# AIM OF THE EXERCISE:
Output the line containing "Players who do" and each line after it through the end of the data, exactly as written, with pictures left out.

# Stored dataset items:
■ ■ ■

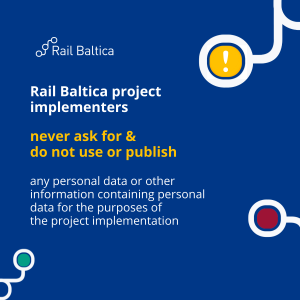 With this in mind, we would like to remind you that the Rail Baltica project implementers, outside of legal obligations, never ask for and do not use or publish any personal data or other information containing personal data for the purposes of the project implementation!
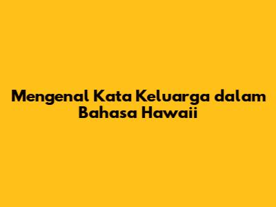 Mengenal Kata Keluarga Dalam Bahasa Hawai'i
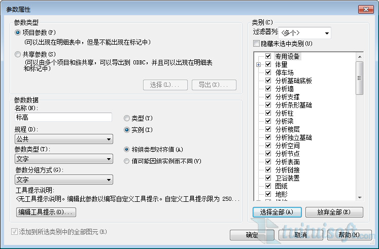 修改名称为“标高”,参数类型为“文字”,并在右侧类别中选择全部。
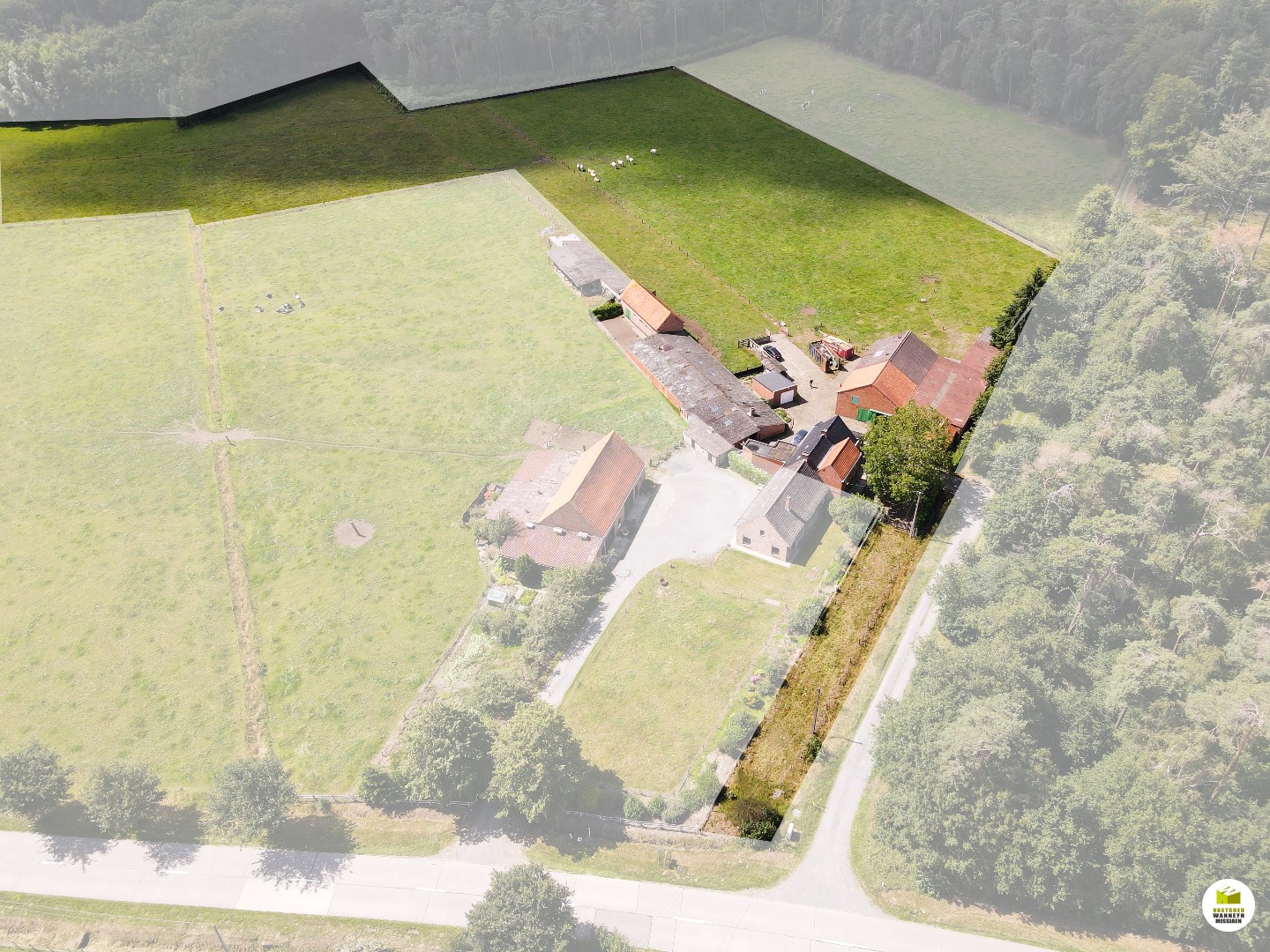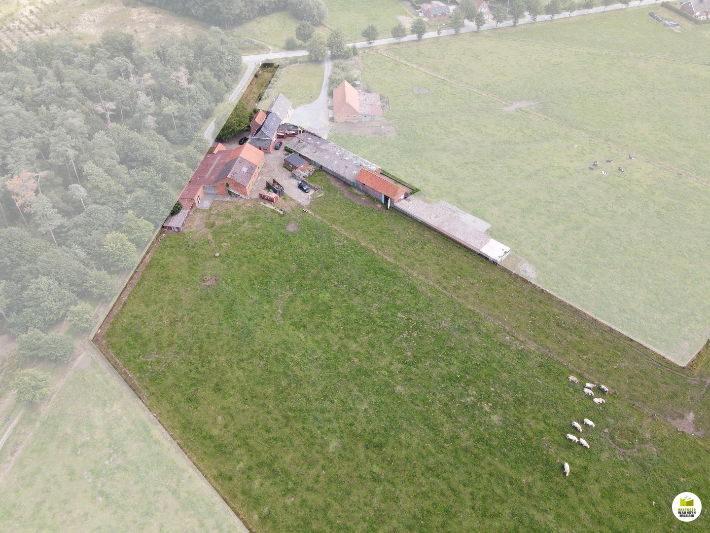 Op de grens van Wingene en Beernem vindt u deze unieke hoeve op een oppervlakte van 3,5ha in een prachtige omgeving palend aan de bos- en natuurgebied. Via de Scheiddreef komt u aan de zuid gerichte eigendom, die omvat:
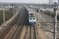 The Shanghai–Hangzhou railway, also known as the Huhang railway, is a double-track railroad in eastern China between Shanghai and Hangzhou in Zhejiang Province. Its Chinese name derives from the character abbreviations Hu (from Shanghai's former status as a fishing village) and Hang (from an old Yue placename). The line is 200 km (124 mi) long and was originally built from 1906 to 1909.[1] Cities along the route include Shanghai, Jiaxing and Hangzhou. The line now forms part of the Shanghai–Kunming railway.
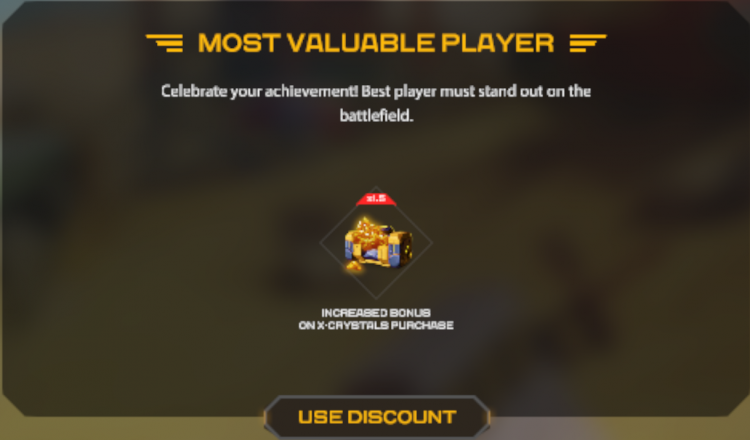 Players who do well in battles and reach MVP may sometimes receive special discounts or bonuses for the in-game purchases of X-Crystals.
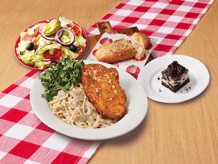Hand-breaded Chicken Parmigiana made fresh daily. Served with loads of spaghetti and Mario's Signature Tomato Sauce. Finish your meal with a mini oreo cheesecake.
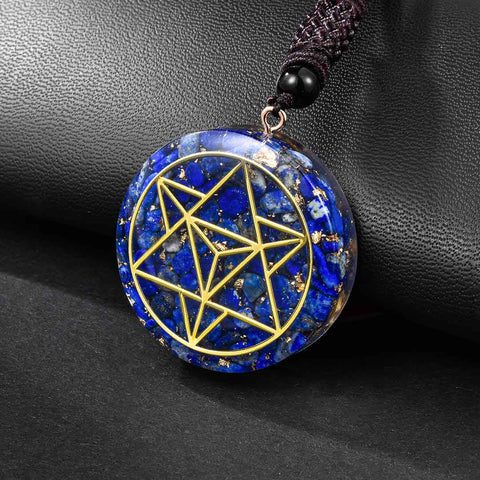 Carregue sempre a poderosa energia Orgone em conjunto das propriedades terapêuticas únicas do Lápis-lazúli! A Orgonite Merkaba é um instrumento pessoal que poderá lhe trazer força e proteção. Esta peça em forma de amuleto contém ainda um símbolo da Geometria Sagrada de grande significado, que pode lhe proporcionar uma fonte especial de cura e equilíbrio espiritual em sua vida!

■ ■ ■

# EXERCISE RESPONSE:
 Players who do well in battles and reach MVP may sometimes receive special discounts or bonuses for the in-game purchases of X-Crystals.
Hand-breaded Chicken Parmigiana made fresh daily. Served with loads of spaghetti and Mario's Signature Tomato Sauce. Finish your meal with a mini oreo cheesecake.
 Carregue sempre a poderosa energia Orgone em conjunto das propriedades terapêuticas únicas do Lápis-lazúli! A Orgonite Merkaba é um instrumento pessoal que poderá lhe trazer força e proteção. Esta peça em forma de amuleto contém ainda um símbolo da Geometria Sagrada de grande significado, que pode lhe proporcionar uma fonte especial de cura e equilíbrio espiritual em sua vida!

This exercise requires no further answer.